Content starts

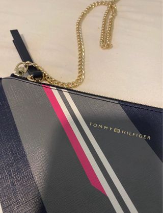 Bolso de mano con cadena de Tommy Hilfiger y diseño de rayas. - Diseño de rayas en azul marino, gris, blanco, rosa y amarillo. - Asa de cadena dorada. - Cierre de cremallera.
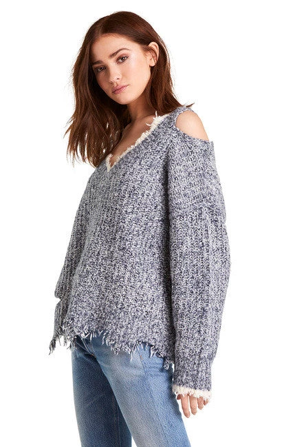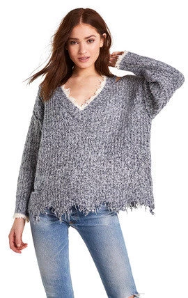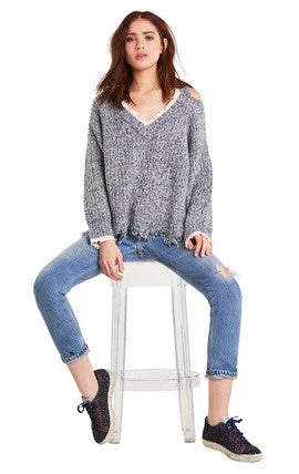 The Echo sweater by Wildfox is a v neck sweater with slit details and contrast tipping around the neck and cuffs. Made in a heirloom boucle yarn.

Content ends
Content starts

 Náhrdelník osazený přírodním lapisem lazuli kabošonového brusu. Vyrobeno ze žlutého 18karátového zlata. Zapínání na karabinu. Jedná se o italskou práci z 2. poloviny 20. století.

Content ends

Work to complete>
Write out exactly the run of lines above that starts at the line containing "Bolso de mano" and ends at the line containing "The Echo sweater". Include both, and leave the pictures out.

Result of this task>
 Bolso de mano con cadena de Tommy Hilfiger y diseño de rayas. - Diseño de rayas en azul marino, gris, blanco, rosa y amarillo. - Asa de cadena dorada. - Cierre de cremallera.
 The Echo sweater by Wildfox is a v neck sweater with slit details and contrast tipping around the neck and cuffs. Made in a heirloom boucle yarn.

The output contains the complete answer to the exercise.